What a beautiful collection.. and two awesome breeds, the chis and the danes! The "tiny" mighty warrior chis, and the "gentle" giant danes, I love them both.
The little chi statue on his back is so cute, and the huge harlequin dane statue is awesome. Thank you for sharing them. Deb


----------



## MarieUkxx (May 19, 2009)

wow I love it, that's a great collection.


----------



## YoQuiero (Apr 17, 2010)

Omg that stuffed chi with the pink heart, on the top right is SOO cute! I would love to start a chi collection. You all have great stuff!


----------



## Mom of 4 Chi's (Apr 3, 2009)

I love it!! You have a fab collection! I had that little baby chi on its back too, but it got got broken. I haven't been able to find another one since .

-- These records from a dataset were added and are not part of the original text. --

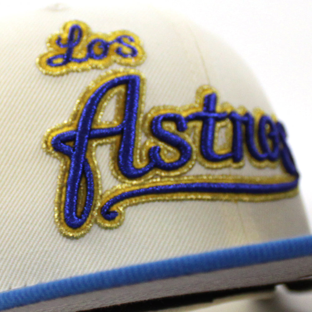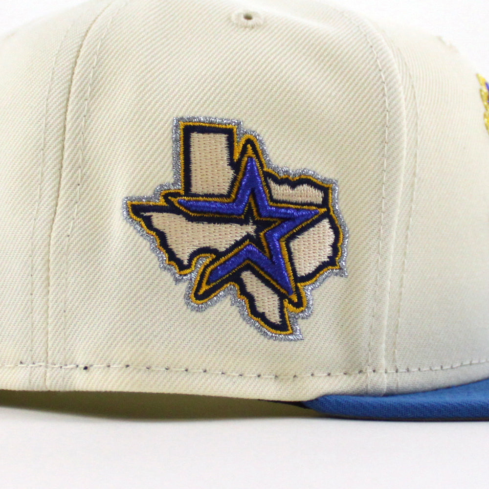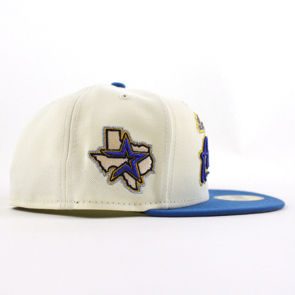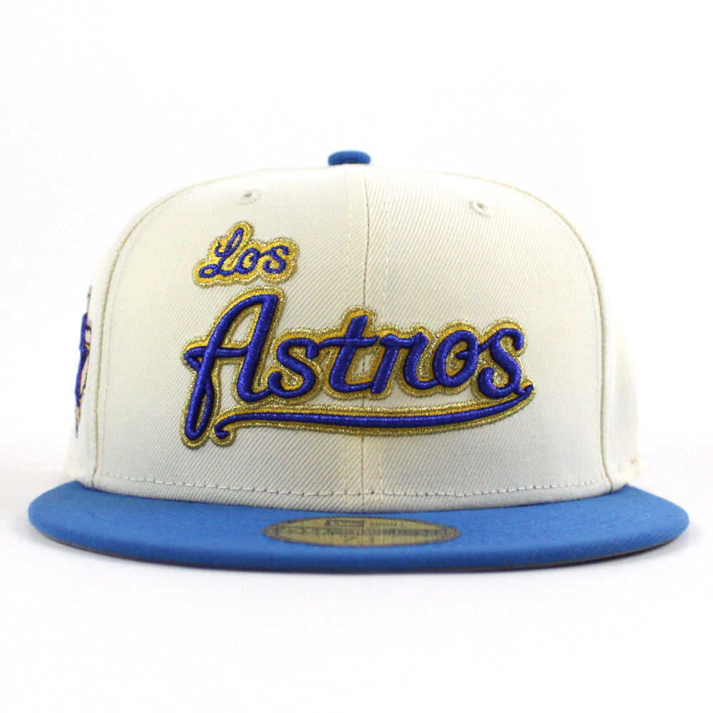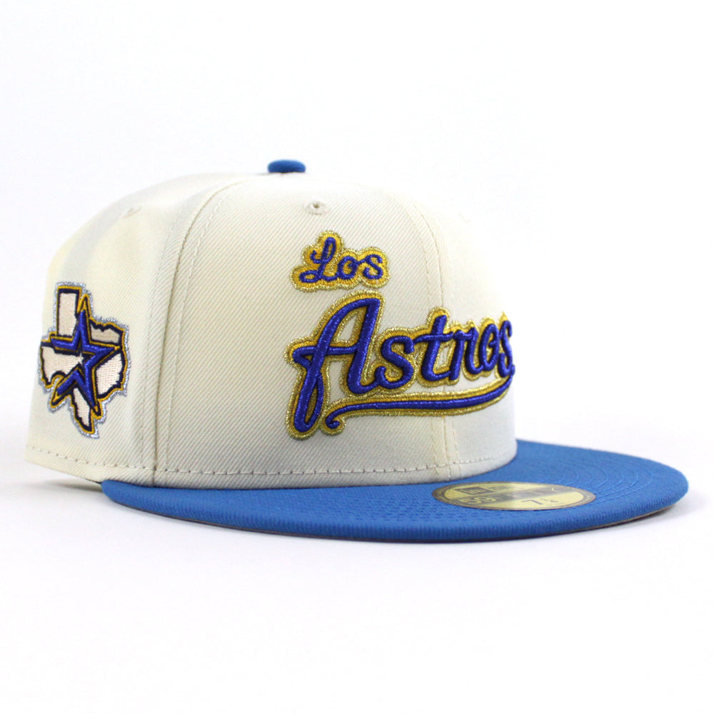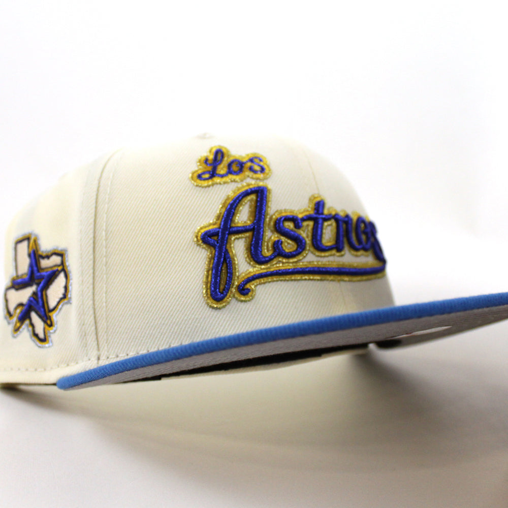 Los Astros Houston Astros City State patch New Era 59Fifty Fitted Hat in Chrome White, Rainstorm Blue and Gray Under Brim. Match to Jordan Laney.
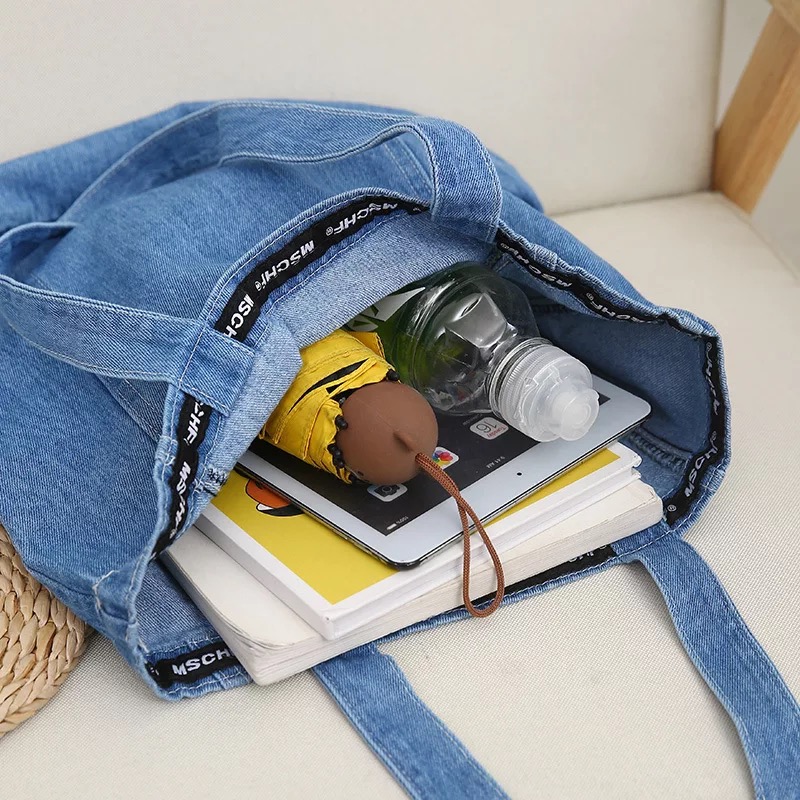 OK Japanese washed and old light blue denim shoulder handbag boys and girls canvas bag environmental protection retro shopping bag
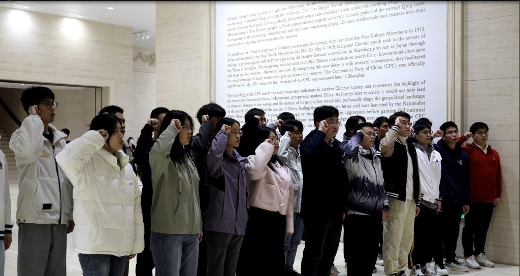 为深入学习贯彻党的二十大精神,进一步加强爱国主义教育,高质量推进发展党员工作,11月17日,公司员工党委组织开展“红色足迹寻初心,吾辈青年正前行”主题党日实践活动。公司党委副书记、员工党委书记徐伟铖老师、党委组织员孙世琳老师、本科生第二党支部书记汤若琦老师共同带领88名预备党员、发展对象和入党积极分子前往中共一大会址进行参观学习,重温革命历史,追寻革命足迹,感悟初心使命。
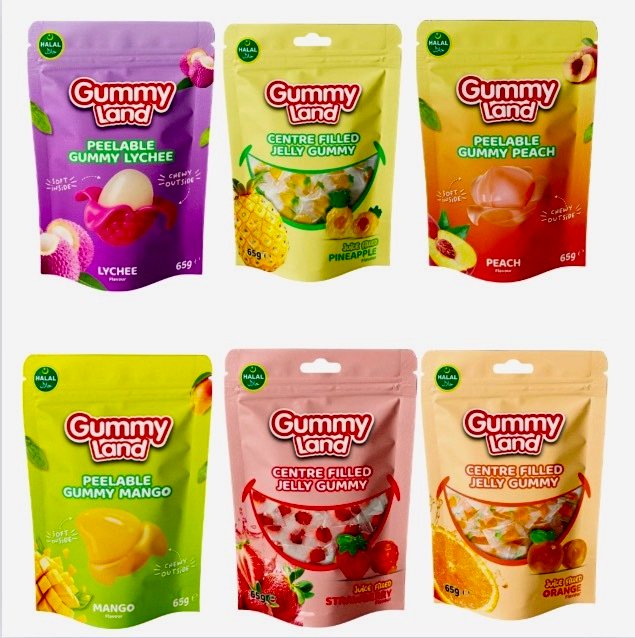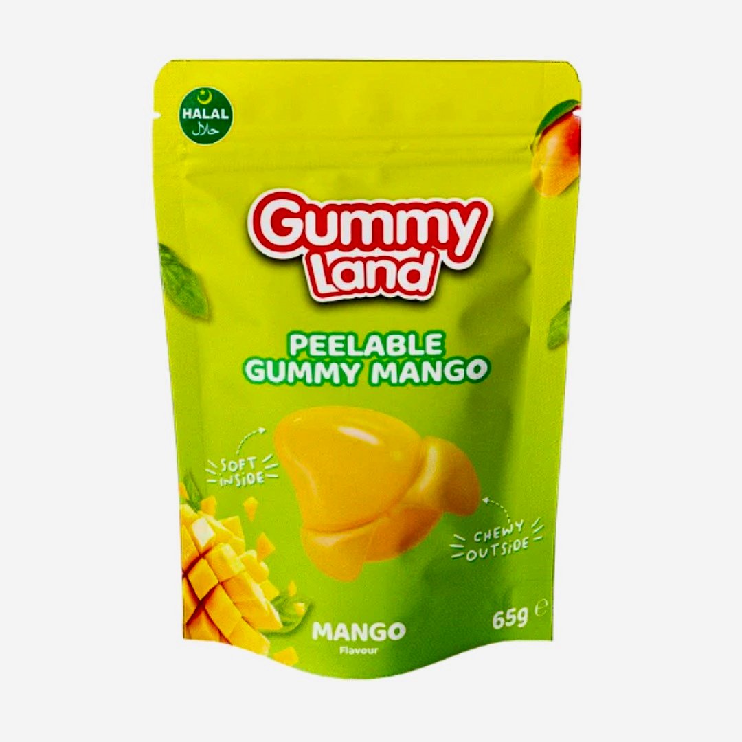 Peelable Gummy Land Mango Gummies with a juicy jelly-filled centre. Tropical flavour, fun texture, and Halal certified. Supplied in a 65g grab-bag.
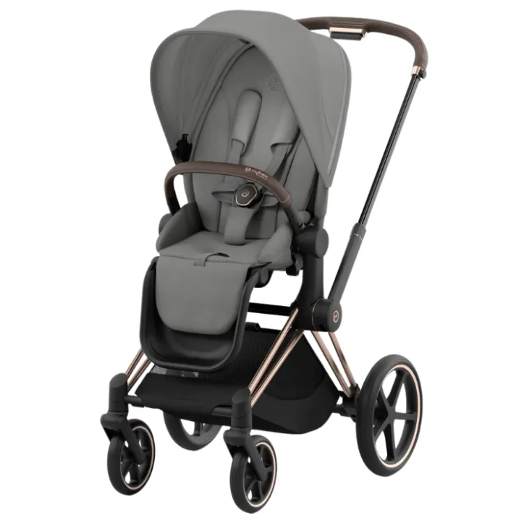 The sleek and stylish Cybex PRIAM 4 Stroller features faux leather details, premium fabrics, and comfort elements for effortless strolling adventures with your little one. It also boasts a compact freestanding fold and reversible seat for convenience.
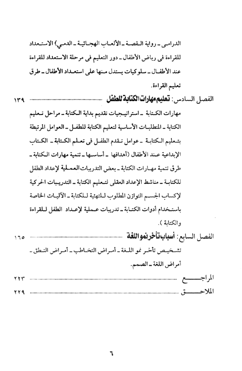 أما الفصل الخامس فقد خصصاه لتعليم القراءة والكتابة لطفل ما قبل المدرسة، وتوصلاً إلى أن المناقشات التي تحدث بين الطفل والمعلم داخل الروضة تساعد الطفل على استخدام كلمات ومفردات كثيرة من خلال مشاركته في الحديث مع الأطفال الآخرين. وفي الفصل السادس يضعان الشروط الملائمة لتهيئة الطفل وإعداده للكتاب حيث تعتمد الكتابة على التآزر البصري الحركي فتناسق حركات العين مع اليد يحتاج إلى تدريبات كثيرة. ويفردان الفصل السابع والأخير للبحث في أسباب تأخر نمو اللغة وهو عدم مقدرة الطفل على التجريد اللغوية واستعمال الجهاز الرمزي للغة وأسبابه كثيرة أهمها الحرمات الحسي، السمع، الحواس الأخرى، الاضطرابات العصبية، والتخلف العقلي. إقرأ المزيد

I absolutely LOVE the huge white and black Dane!!! What a beautiful statue.
I think I'll try and get some pics of my collection too.


----------



## KayC (May 3, 2005)

Awesome, I love your collection, both of them. Very impressed by the ribbons....Thanks for sharing....


----------



## pigeonsheep (Nov 8, 2008)

wow!! what a great collection. doggies everywhere! i wouldn't be able to do that...i would be worried they would fall and break..then waht?  LOL. but i love love the chi stuffies! :albino:


----------



## Yoshismom (Jul 6, 2005)

Thanks guys! It is hard to find the Harlequin colored dane stuff and the things you see are mostly from specialty stores or ebay (older pieces where someone was selling off their collection) Some have broken ears :-(. The big state I found in a specialty trading store in Chimney Rock, NC I turned around and had a fit. It was ridiculous in price but hubby bought it for me anyways. I have done research on those big pieces like that and have found some that are nowhere near as pretty and detailed for $1500.00 and up so I guess it wasnt to bad of a deal. I usually buy both Chi stuff and Harl stuff when I happen upon it. Just today I found another Chi TY beanie baby for $1.00, ofcourse I had to have it


----------